• **INSTRUCTIONS FOR THE TASK**:
An exact copy of every entry is the answer here, with no pictures.

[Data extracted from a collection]
Content starts
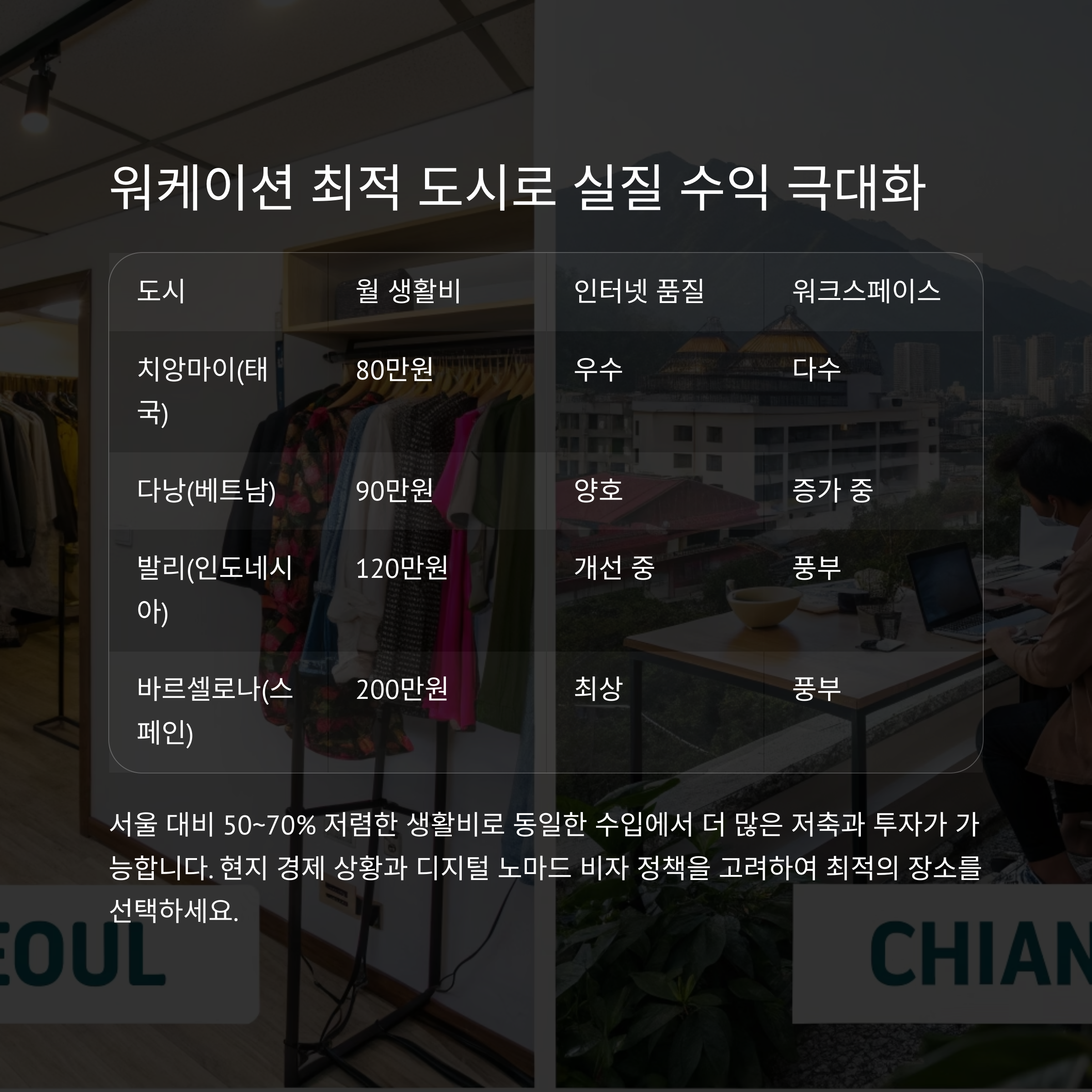 - 지역별 예산: 치앙마이·플라야 델 카르멘 150~200만 원, 리스본 250~300만 원 수준
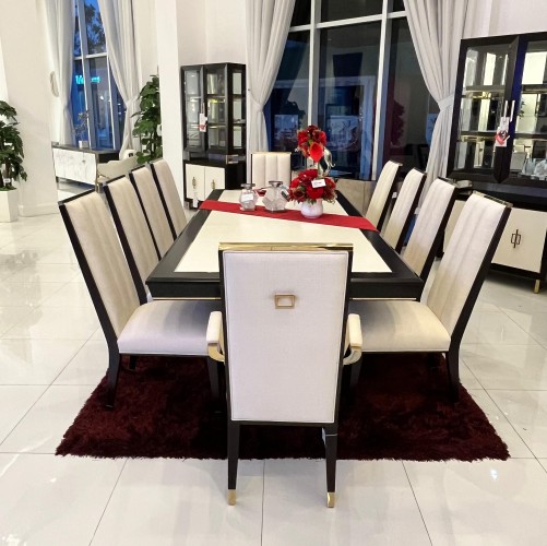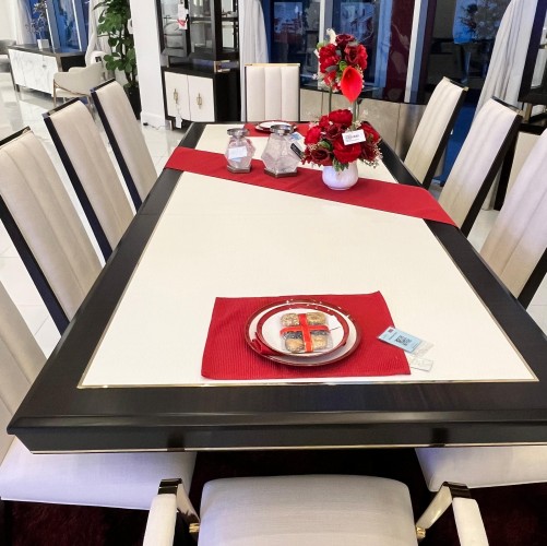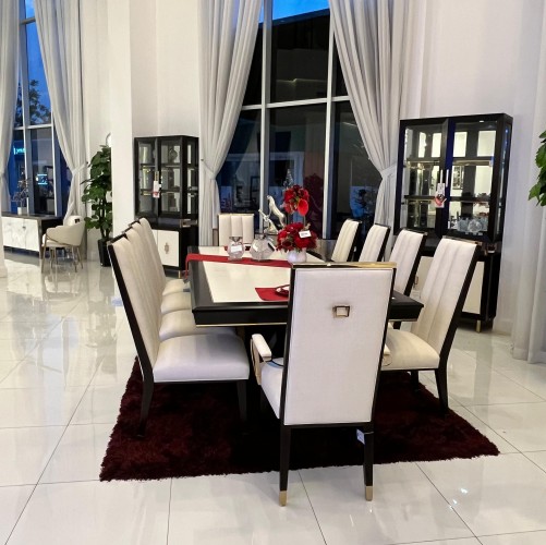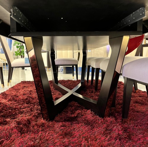 Gather around the Belmont Place Dining Table, where every meal becomes a lavish affair. The delicate dance of the tranquil white anigre veneer inlay with the profound depth of the espresso eucalyptus veneer evokes an ambiance of timeless elegance. The table’s apron, kissed by the soft gleam of Japan gold plated alloy, and the artful sleek centered base, stands as a testament to unparalleled craftsmanship.
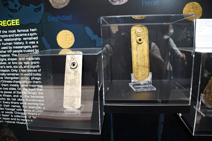 モンゴル帝国の駅伝制(ジャムチ)で使用されたもので、モンゴル皇帝から信任を受けた使者や大使などの要人が使用した通行証、現代のパスポートです。金や銀など階級によって素材は変わり、彫られている文字は様々。写真2枚目のゲレゲはパスパ文字が彫られています。
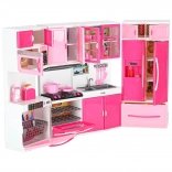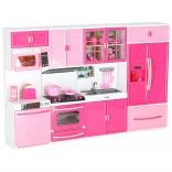 The set includes a microwave and dishwasher, a stove with oven, a display cabinet with sink, and a fridge with drawer. Kids can enjoy a complete scenario of cooking, baking, and cleaning.
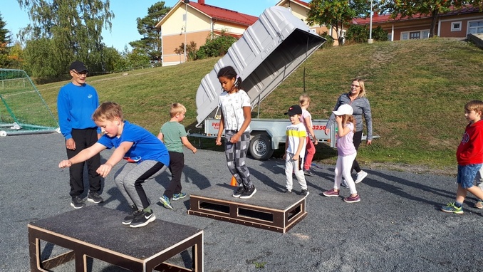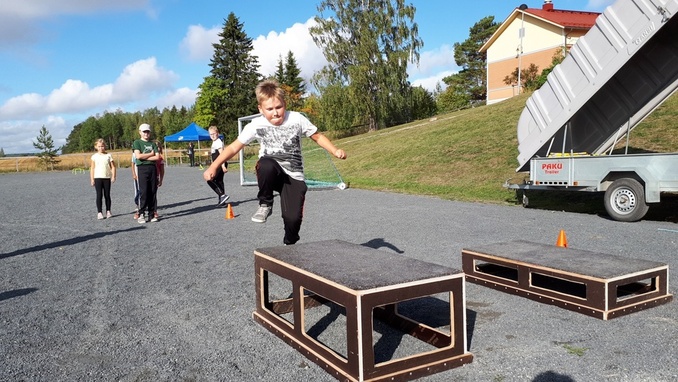 ![]() Ponnistusvoima tuli testatuksi pomppaamalla eri korkuisille laatikoille. |
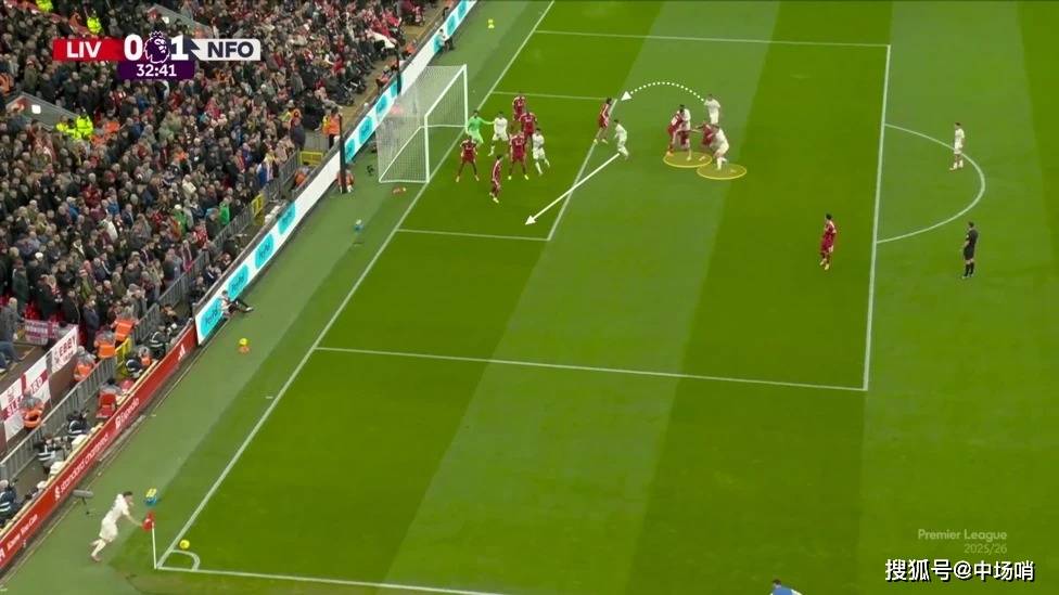 ในช่วงเริ่มต้นของการป้องกันมุมนี้ ซาลาห์ส่งสัญญาณให้แม็คคอลลิสเตอร์ กำชับให้ชาวอาร์เจนตินาตามประกบผู้เล่นที่อันตรายที่สุดของฟอเรสต์ คือ มูริลโล
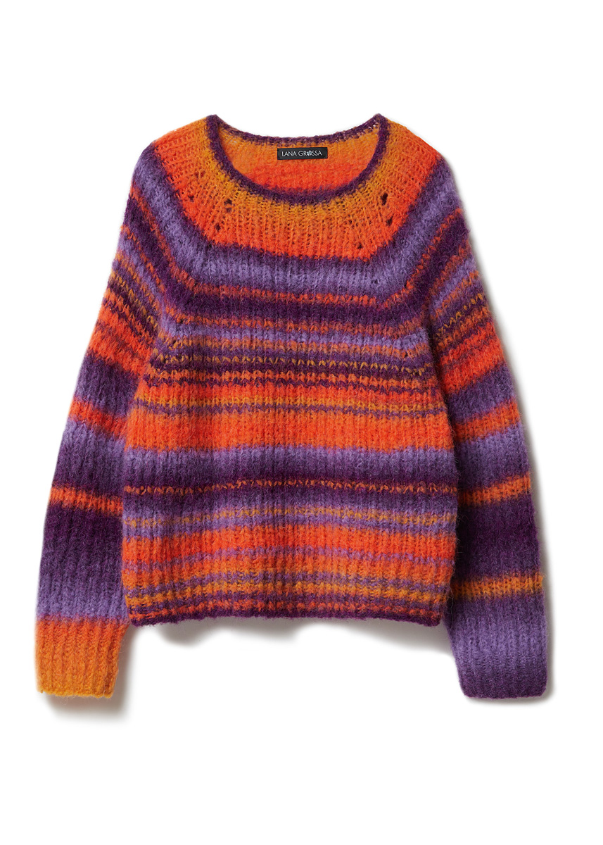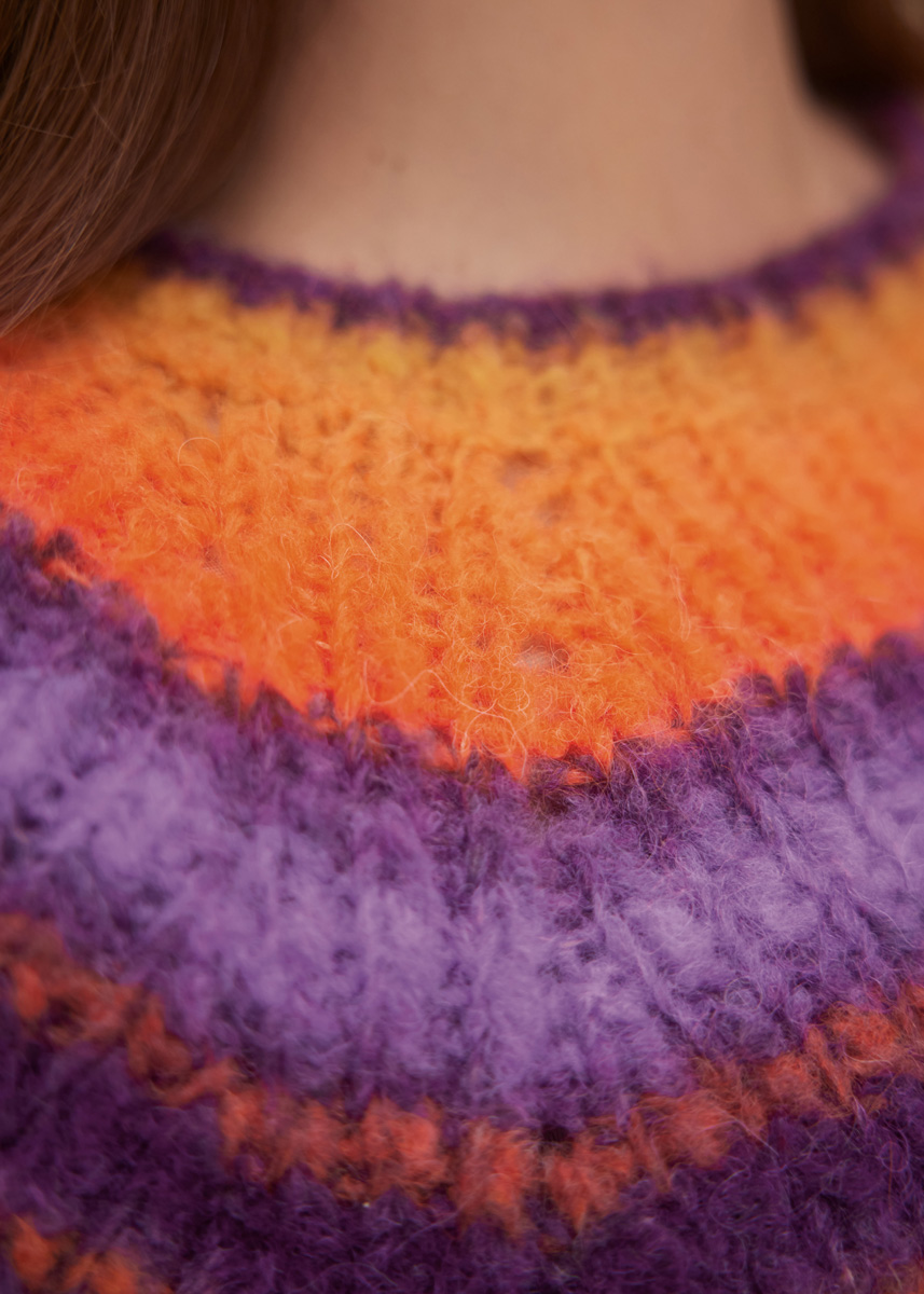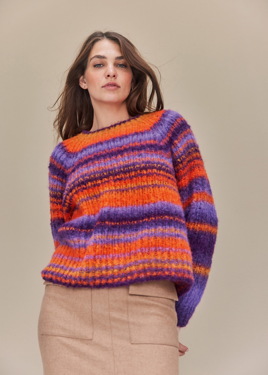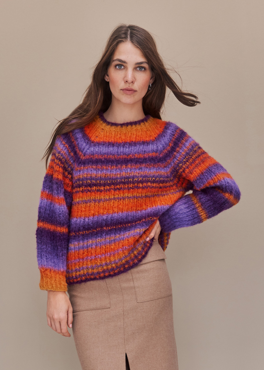 Lana Grossa-kvalitet ”Gigante” (70 % alpaka (fine), 30 % polyamid, løbelængde = ca. 300 m / 100 gr): ca. 200 (300 – 300 – 400) gr mørkviolet/gul/grålilla/orange/ blåviolet (fv 2), en kort og en lang rundpind nr. 5 og 6, strømpepinde nr. 5 og 6. Pulloveren strikkes samlet oppefra og ned.
Content ends
• **WRITTEN RESPONSE**:
 - 지역별 예산: 치앙마이·플라야 델 카르멘 150~200만 원, 리스본 250~300만 원 수준
 Gather around the Belmont Place Dining Table, where every meal becomes a lavish affair. The delicate dance of the tranquil white anigre veneer inlay with the profound depth of the espresso eucalyptus veneer evokes an ambiance of timeless elegance. The table’s apron, kissed by the soft gleam of Japan gold plated alloy, and the artful sleek centered base, stands as a testament to unparalleled craftsmanship.
 モンゴル帝国の駅伝制(ジャムチ)で使用されたもので、モンゴル皇帝から信任を受けた使者や大使などの要人が使用した通行証、現代のパスポートです。金や銀など階級によって素材は変わり、彫られている文字は様々。写真2枚目のゲレゲはパスパ文字が彫られています。
 The set includes a microwave and dishwasher, a stove with oven, a display cabinet with sink, and a fridge with drawer. Kids can enjoy a complete scenario of cooking, baking, and cleaning.
 ![]() Ponnistusvoima tuli testatuksi pomppaamalla eri korkuisille laatikoille. |
 ในช่วงเริ่มต้นของการป้องกันมุมนี้ ซาลาห์ส่งสัญญาณให้แม็คคอลลิสเตอร์ กำชับให้ชาวอาร์เจนตินาตามประกบผู้เล่นที่อันตรายที่สุดของฟอเรสต์ คือ มูริลโล
 Lana Grossa-kvalitet ”Gigante” (70 % alpaka (fine), 30 % polyamid, løbelængde = ca. 300 m / 100 gr): ca. 200 (300 – 300 – 400) gr mørkviolet/gul/grålilla/orange/ blåviolet (fv 2), en kort og en lang rundpind nr. 5 og 6, strømpepinde nr. 5 og 6. Pulloveren strikkes samlet oppefra og ned.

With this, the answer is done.